# Ti doms. Please describe the experience of using Ti.



## JaguarPap (Mar 26, 2016)

I would find it beneficial.


----------



## Rose for a Heart (Nov 14, 2011)

Bump. I am interested too.


----------



## Monroe (May 13, 2016)

It's like putting info into a shredder, dissecting it into different parts. I would say you can think really hard on something, and then stop--and the Ti will look inside yourself for that answer. Ti usually always wants to find an answer to anything, it won't accept defeat. A good example may be this: my computer keyboard was ruined. I was about to take it to the shop (aahha ISTP but the keyboard needed to be ordered)...instead of had a sudden, hmmmmm? I wonder if something else would work than messing with all that?

I go dig out an old keyboard that has a USB connector--I put that into the USB port on my laptop. The keyboard now works, and I just type on that one. I had the parts in my head, computer-keyboard, and I made my own logic with it. Other types can come to this conclusion yes, but how I came to the answer with Ti, using my own connective steps, in a simpler way. 

(and yeah I eventually got the other fixed when I didn't have deadlines or money stuff going on)


----------



## VacantPsalm (Dec 22, 2014)

I'm pretty sure I'm Ti, but there is a chance I might not be. Take this as you will.


Oh look, there's a bum asking for money. Hm, I wonder if he's going to spend it on food or booze. Well, I really don't know what kind of person he is, and asking him questions won't tell me anything because he could be a good lier. So, I guess I should try accepting that both situations are true. If I give him money, I have accepted that I am helping someone who needs food AND helping someone get booze. If I don't, I have to accept that I am both keeping food form someone who needs it AND keeping alcohol from someone who wants it. Really, I don't care if he's a drinker. Me not being an enabler is not going to help his problem. I do, however, care about hungry people getting food. So if I accept that both possibilities are true, then it is clear that giving him money is the preferable option. Oh wait, I don't have any cash and already drove off. Never mind.


It's going to your head when you need to find an answer. Te would probably try looking at the person/situation for signs pointing to either of the possibilities. If the person looks like they have been drinking, Te would probably assume they would spend it on booze and make their decision based on that.


----------



## reptilian (Aug 5, 2014)

Is something true?
Yes - it fits the inner reasoning, such as: A equaled B before, B could correlate to C, A is similar to C, therefore it is possible for C to correlate with A and B, if in some situations perceptions make it fit.
No - back to intuition.


----------



## starvingautist (Mar 23, 2015)

I'm not sure how to describe it, but it's a filter. Whenever something doesn't seem right, I have to refine the definition and see if I get anywhere. It manifests in interpersonal interactions as an anxious dissonance in my chest whenever the other person says something I think is untrue or ambiguous. That said, I think that aspect of it has diminished over the years. But it's still an itch I have to resist scratching.


----------



## JaguarPap (Mar 26, 2016)

I use Ti, just because my profession calls me to (I'm a teacher and I have to break things down into base concepts.)
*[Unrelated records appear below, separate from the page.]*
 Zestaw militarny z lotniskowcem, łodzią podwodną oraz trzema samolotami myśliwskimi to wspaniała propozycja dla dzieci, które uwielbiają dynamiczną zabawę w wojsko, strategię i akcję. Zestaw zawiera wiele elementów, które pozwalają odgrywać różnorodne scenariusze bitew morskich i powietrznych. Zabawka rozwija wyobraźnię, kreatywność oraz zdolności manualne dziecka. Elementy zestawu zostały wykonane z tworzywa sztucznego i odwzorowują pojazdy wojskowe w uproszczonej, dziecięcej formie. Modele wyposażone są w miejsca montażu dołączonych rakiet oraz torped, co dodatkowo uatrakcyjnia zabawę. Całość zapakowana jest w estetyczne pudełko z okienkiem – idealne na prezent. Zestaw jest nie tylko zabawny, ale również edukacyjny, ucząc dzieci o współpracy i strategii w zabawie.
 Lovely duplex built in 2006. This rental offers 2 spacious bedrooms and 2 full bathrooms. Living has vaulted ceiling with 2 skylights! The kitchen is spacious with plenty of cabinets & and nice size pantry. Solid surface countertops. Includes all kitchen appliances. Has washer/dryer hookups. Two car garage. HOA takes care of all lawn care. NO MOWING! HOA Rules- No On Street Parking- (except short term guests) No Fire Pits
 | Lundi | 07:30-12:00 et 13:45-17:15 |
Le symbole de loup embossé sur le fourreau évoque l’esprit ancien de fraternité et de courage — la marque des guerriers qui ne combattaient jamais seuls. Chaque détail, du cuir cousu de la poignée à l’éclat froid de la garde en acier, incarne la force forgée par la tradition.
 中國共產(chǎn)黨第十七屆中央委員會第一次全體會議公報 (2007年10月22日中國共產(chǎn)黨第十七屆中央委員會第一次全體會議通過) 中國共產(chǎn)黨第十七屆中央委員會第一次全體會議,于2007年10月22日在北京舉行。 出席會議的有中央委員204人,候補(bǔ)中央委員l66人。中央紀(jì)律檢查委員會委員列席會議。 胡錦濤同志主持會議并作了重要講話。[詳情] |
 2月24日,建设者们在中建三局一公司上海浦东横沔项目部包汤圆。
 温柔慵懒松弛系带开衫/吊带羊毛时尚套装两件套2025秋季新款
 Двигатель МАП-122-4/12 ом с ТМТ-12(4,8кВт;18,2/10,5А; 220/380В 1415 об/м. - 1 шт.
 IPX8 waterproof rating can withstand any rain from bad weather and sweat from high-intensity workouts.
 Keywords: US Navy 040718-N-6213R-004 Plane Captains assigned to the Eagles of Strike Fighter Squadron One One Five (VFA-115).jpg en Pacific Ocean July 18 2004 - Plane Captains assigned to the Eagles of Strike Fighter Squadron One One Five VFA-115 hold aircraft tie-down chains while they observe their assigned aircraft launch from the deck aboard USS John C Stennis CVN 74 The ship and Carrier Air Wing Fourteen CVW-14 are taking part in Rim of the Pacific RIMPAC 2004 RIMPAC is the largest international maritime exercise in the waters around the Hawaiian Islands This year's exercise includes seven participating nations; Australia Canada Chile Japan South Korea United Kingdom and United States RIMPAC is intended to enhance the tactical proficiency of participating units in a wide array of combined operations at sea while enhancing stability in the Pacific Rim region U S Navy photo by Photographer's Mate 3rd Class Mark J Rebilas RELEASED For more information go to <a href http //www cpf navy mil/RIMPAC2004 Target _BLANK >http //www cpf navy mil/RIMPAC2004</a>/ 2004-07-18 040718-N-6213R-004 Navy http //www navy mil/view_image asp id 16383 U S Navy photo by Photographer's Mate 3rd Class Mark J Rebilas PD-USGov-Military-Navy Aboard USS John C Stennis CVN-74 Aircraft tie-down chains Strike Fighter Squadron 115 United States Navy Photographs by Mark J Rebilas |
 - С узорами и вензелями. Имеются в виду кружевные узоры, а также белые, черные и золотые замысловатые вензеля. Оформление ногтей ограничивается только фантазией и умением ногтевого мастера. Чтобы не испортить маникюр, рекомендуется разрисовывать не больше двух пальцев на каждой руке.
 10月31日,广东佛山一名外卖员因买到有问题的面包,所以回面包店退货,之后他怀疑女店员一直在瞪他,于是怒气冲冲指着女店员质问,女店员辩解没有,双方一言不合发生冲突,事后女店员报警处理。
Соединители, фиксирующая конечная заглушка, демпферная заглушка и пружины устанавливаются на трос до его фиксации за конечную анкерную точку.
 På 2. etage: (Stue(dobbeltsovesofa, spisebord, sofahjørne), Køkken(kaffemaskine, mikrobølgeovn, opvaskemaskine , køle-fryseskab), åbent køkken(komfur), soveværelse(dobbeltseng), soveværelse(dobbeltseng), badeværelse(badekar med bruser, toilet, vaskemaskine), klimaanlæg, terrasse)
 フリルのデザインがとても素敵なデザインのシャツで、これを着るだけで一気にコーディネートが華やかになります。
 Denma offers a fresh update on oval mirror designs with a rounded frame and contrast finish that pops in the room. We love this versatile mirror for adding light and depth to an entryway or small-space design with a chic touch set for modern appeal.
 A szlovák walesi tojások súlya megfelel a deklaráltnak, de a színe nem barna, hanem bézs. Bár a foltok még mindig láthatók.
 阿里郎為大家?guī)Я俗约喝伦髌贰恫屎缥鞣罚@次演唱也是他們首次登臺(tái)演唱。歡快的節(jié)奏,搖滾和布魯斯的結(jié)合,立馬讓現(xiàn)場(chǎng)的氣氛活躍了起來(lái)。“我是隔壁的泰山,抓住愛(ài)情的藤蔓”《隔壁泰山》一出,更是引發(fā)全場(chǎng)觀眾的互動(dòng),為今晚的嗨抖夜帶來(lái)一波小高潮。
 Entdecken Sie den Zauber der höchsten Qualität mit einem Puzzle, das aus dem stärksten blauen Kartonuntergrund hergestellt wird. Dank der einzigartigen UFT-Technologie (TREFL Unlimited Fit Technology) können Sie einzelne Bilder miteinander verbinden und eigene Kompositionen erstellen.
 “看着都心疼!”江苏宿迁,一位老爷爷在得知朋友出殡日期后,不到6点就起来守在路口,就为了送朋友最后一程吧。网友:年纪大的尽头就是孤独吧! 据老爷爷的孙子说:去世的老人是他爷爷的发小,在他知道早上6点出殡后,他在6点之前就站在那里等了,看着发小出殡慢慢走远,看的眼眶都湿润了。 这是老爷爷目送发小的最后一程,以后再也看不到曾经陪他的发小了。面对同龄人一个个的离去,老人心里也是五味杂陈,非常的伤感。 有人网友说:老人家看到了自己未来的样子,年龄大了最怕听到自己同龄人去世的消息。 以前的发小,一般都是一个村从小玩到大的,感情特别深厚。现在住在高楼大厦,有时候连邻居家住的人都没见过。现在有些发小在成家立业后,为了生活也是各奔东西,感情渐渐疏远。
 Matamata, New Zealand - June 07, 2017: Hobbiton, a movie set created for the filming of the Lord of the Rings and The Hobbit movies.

However, I mostly use Te, though, which feels very adversarial. It is like "thinking with fists" if that makes sense; my thoughts are usually funneled into a way that will convince others. 

Could the latter possibly be Ti?


----------



## Paradox07 (Dec 30, 2015)

JaguarPap said:


> I use Ti, just because my profession calls me to (I'm a teacher and I have to break things down into base concepts.)
> 
> However, I mostly use Te, though, which feels very adversarial. It is like "thinking with fists" if that makes sense; my thoughts are usually funneled into a way that will convince others.
> 
> Could the latter possibly be Ti?


This is not example of you using Ti, but rather the process of using Introverted Intuition. You'll find that most INTJs who are not mistypes spend a great amount of time trying to understand concepts in-depth, as that's the nature of Introverted Intuition.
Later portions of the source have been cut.